BEIJING (Reuters) - Asia Pacific countries are set to agree on an anti-corruption transparency network, a top APEC official said on Thursday, allowing law enforcement agencies to track illicit cash flows across borders as well as people suspected of graft.
The network, led by China but also pushed forward by the United States, would open up channels for law enforcement agencies to share information and prosecute cases across national borders, Alan Bollard, executive director of the Asia Pacific Economic Cooperation Secretariat, told a briefing.
“This group will try and bring together the actual operational people who will share information on particular cases, share information about how to get convictions and prosecutions and, if necessary, get assets back,” Bollard said.
“This is necessary to actually track cases across borders and to follow up on assets that are illegally moved across economies.”
It is the first such network APEC had worked to set up aside from a separate deal on antitrust issues, he said.
China’s President Xi Jinping has sought to widen his far-reaching anti-graft campaign to suspects who have fled abroad, particularly those who have taken their ill-gotten gains with them.
It is unclear whether the plan would reference extradition of officials suspected of corruption.

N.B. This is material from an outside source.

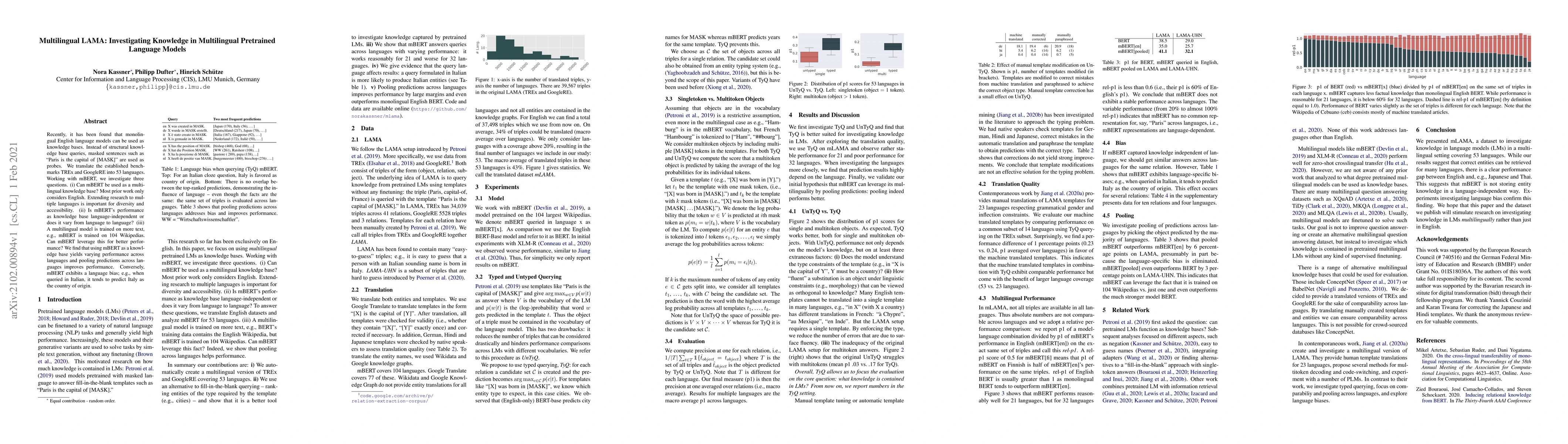 The study investigates the use of mBERT as a multilingual knowledge base across 53 languages by translating benchmarks into various languages. The research finds that mBERT's performance varies significantly across languages and pooling predictions across languages enhances overall performance, though it exhibits a language bias.
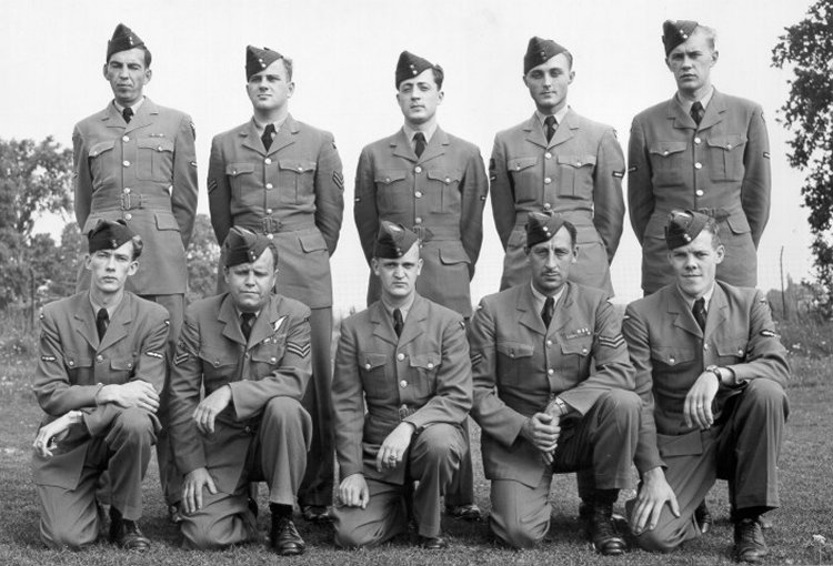Courtesy of Ron McShane Back row (L-R) - GD Morden, Cpl RW Stone, MJ Romanchuk, H Matus, TS Sokolowski. Front row (L-R) – ER Emberley, Cpl WE Routliffe, BE "Sam" Card, Cpl Cliff Allen, WC Inverarity.

Western governments have balked at setting up extradition deals because torture is often used by Chinese legal authorities to extract confessions, and capital punishment is widely meted out for crimes, including corruption.
The Wall Street Journal reported on Thursday that the network would be based at the training arm of the ruling Communist Party’s top anti-graft body, which has the power to imprison and investigate party officials without charge.
China has extradition treaties with 38 countries, but not the United States, Canada or Australia - the three most popular destinations for suspected economic criminals, according to state media.
It did not appear that APEC members will challenge China’s bid to host the anti-graft network, whose initial mandate will run through 2015, the Journal said.
The network, which the newspaper said would be called Act-Net, would ease the flow of information between law enforcement agencies, but it would not be a regional version of Interpol, people familiar with the matter told the Wall Street Journal.